3.1 Binary Files

GNU poke is an editor for binary files. Right, so what is a binary file? Strictly speaking, every file in a computer’s file system is binary. This is because, in a very fundamental level, files are just sequences of bytes.

Colloquially, however, it is very common to talk about “binary files” as opposed to “text files”. In this informal meaning, a text file is basically a file composed, mostly, of bytes (and byte sequences) that can be translated into printable characters in some character set, such as ASCII, EBCDIC or Unicode. It follows that binary files would then be files composed, mostly, of bytes not intended to be interpreted as encoded characters.

Some text files contain non-printable characters, such as form feed characters, and many binary files contain printable strings, such as a string table in an ELF object file. That is why we used the word “mostly” in the definitions above. In practice, however, the distinction is almost always clear and there is common consensus on whether a given file format can be considered as a binary format, or not.

GNU poke can edit any file, and as we shall see, it provides some nice features to manipulate sequences of bytes interpreted as character strings. However, it is called a “binary editor” because it is especially designed to be particularly useful editing binary files, in the sense of the term defined above.

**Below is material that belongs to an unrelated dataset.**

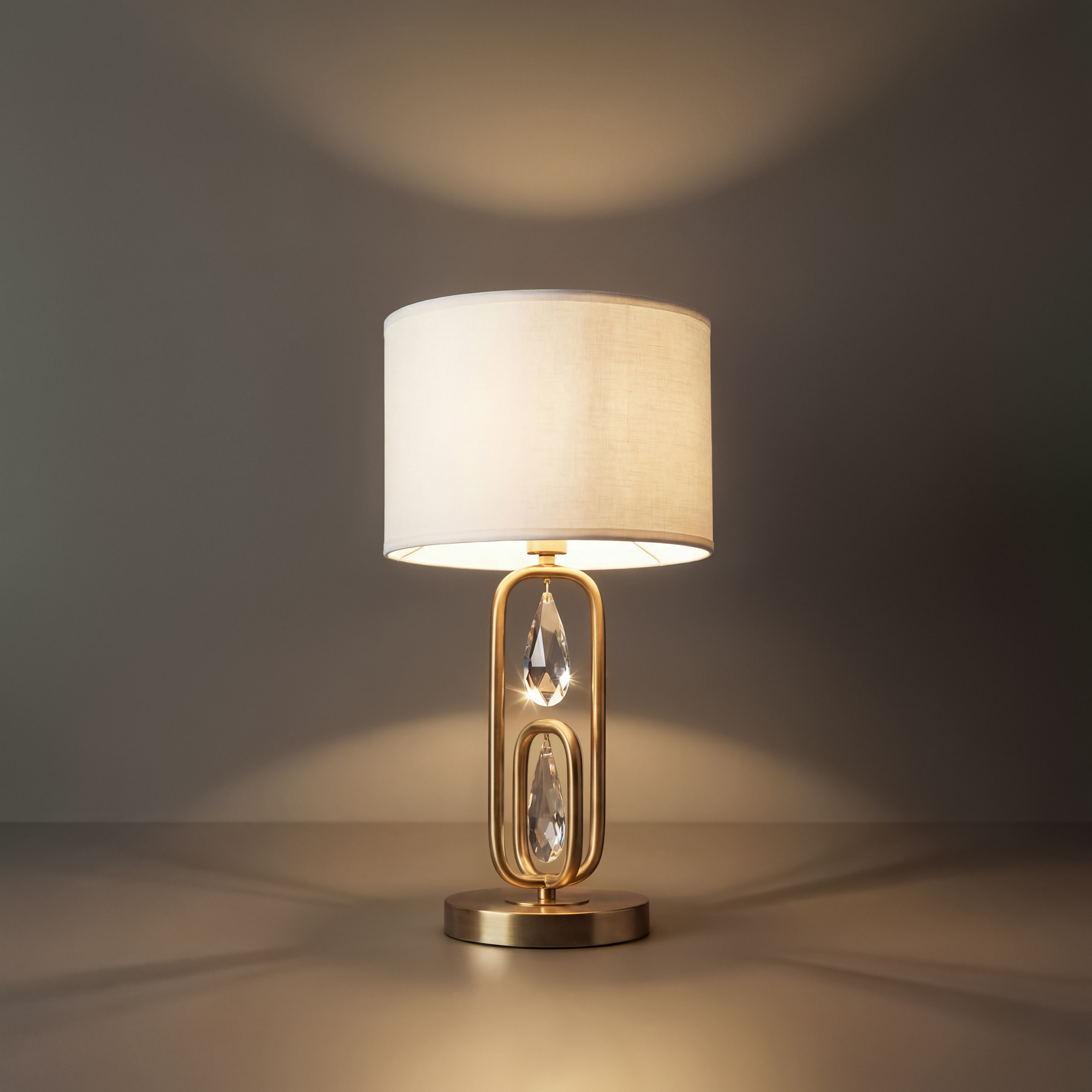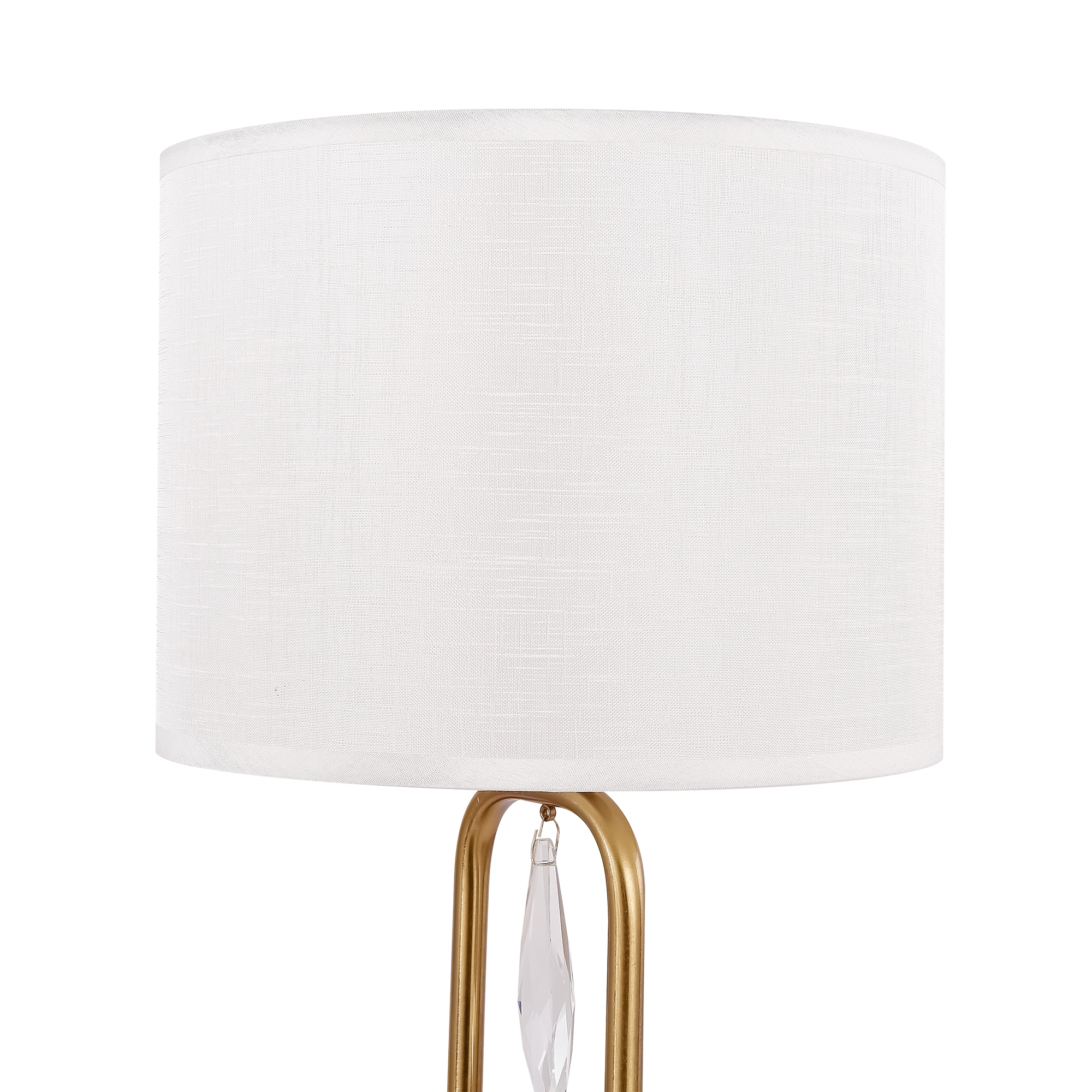 Материал арматуры – нержавеющая сталь, цвет – хром. Материал абажуров – текстиль на ПВХ, цвет – белый. Декор – прозрачное стекло. Акцентные стеклянные кристаллы на рожках со сложной огранкой.

In this chapter, we will be using ELF object files as the experiment subject in most of the examples. ELF files are good for this purpose, because they are eminently binary, highly structured, and still strings play a role in them, encoding names of entities like sections and symbols. You don’t need to have a perfect knowledge of the ELF format in order to follow the examples, but being familiarized with the concept of object file formats should surely help.

Obtaining a simple ELF object file is easy, if you have a C compiler installed:

$ echo 'int foo () { return 0; }' | gcc -c -xc -o foo.o -

The command above compiles a very simple ELF object file that contains the compiled form of a little dummy function. This object file will be our companion for a while, and will be the subject of much analysis and abuse, as we poke it.